London rent hikes call into question UK wide Bedroom Tax policy


  By Angela Haggerty
Increasing London prices have driven rent costs up by 8.4 per cent in England since 2005, new figures have revealed, leading to fresh questions over the controversial Bedroom Tax policy which is in force across the whole of the UK.
The Office for National Statistics (ONS) released the numbers on Wednesday detailing rent figures for England from 2005, although data for Scotland and Wales has only been collected over the last two years.

The figures showed rent increases in the past 12 months in England, Wales and Scotland sat at a similar rate of between 1 and 1.5 per cent, however the data collected in England from 2005 onwards showed a disproportionate rise in rents between the north and south-east, with London seeing double the increase in rent of the north-east at 11 per cent compared to just 5.2 per cent.

In the last year alone, rent prices in the north-east dropped by 0.1 per cent while London prices continued to ascend with a 2.2 per cent rise.

Last month, figures obtained by SNP MSP Annabelle Ewing showed that housing benefit costs were rising two and a half times faster across the whole of the UK than in Scotland alone, leading the MSP to claim Scots were shouldering the burden for spiralling rent increases in the south-east of England.

“The Tories have repeatedly told us that we need the Bedroom Tax to get the soaring housing benefit bill under control, but these figures show us that, as far as Scotland is concerned, this is complete nonsense,” said Ms Ewing.  “Another Tory myth has been shattered.

“Housing benefit is actually rising two and a half times faster across the UK than in Scotland.  I cannot think of a clearer example of how policies set in Westminster do not take into account the needs of the people of Scotland.  Vulnerable Scots are effectively paying the price for soaring rents in the south-east of England.

“Scotland can more than afford our own national social protection system – our expenditure in this area was equivalent to 14.4 per cent of GDP which was lower than the UK figure of 15.9 per cent,” she added.

The Scottish Anti-Bedroom Tax Federation has staged a number of demonstrations around the country and continues to hold weekly local meetings in the battle against the policy.  Earlier this month, Federation Chair Tommy Sheridan told Newsnet Scotland that the level of non-payment of the tax north of the border was at 65-70 per cent and said groups were ready for a “new civil disobedience campaign that will probably mirror the anti-poll tax campaign”.
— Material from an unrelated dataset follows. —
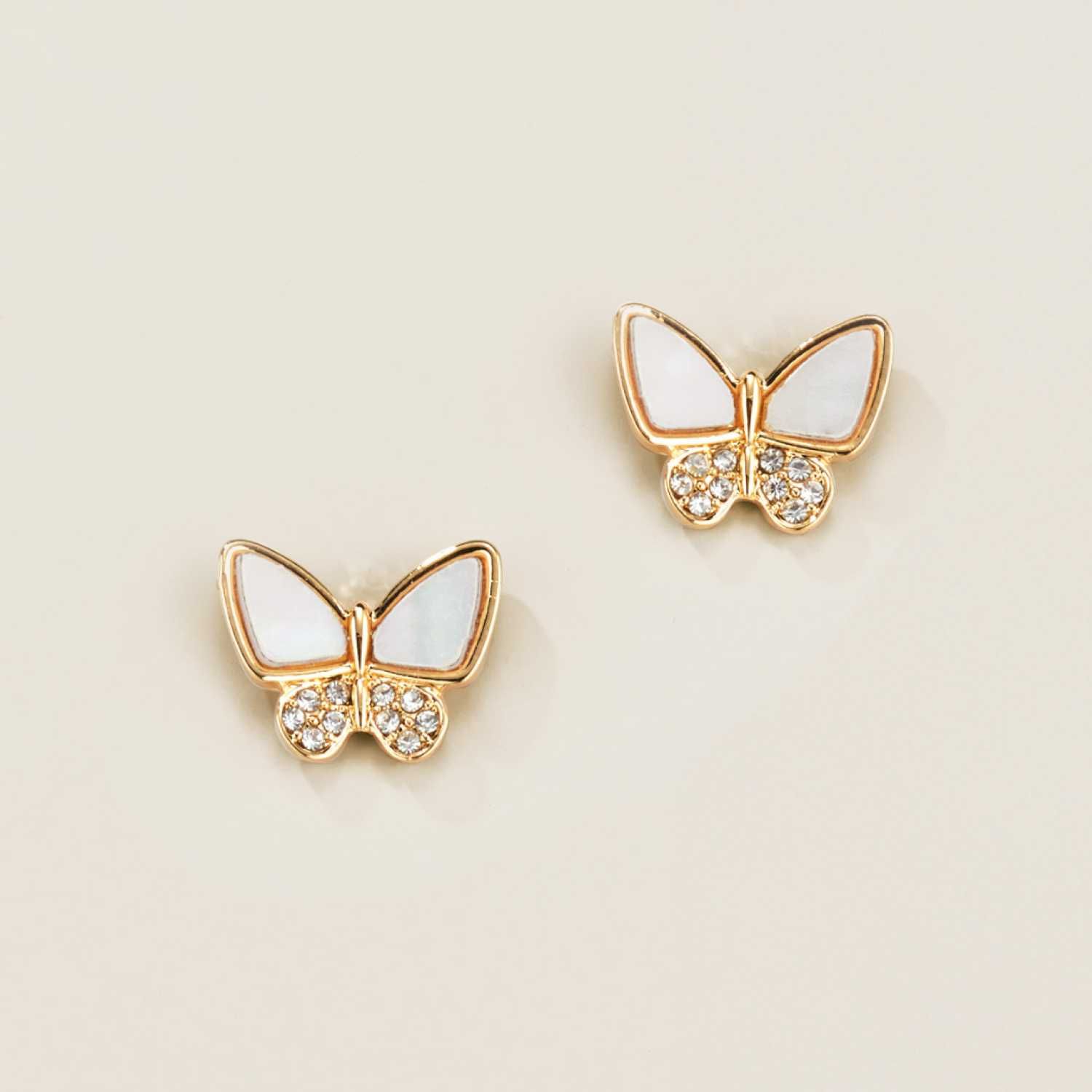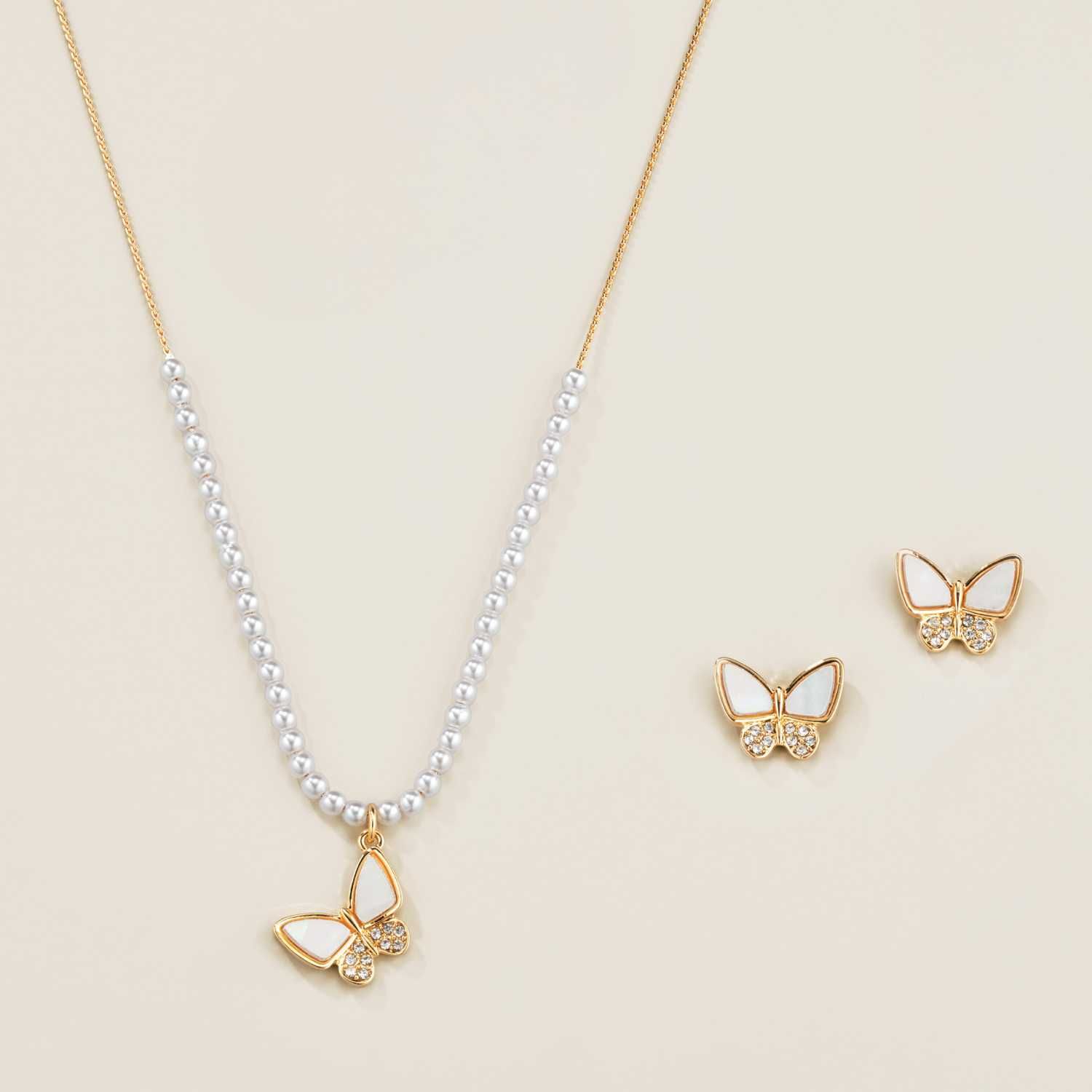 Discover classic refinement with this butterfly-inspired jewelry set, blending delicate detailing with a touch of femininity. Featuring shell accents in a butterfly design, the necklace chain is adorned with lustrous pearly beads while the stud earrings sparkle with crystal dots for a subtly elegant finish.

Meanwhile, figures released in April from the Northern Ireland Federation of Housing Associations (NIFHA) and Chartered Institute of Housing (CIH) projected it would cost housing associations and the Housing Executive £21m to implement the bedroom tax in Northern Ireland to achieve savings of £17m, leading for fresh calls to scrap the controversial tax.

The UK government claims more than half a million tenants will be affected by the bedroom tax but says taxpayer savings could total £540m by 2014.  However, housing associations in the north of England have suggested the policy may end up costing more than it will save if poorer tenants are forced to move into smaller, more expensive private accommodation to shed an extra room and avoid the tax.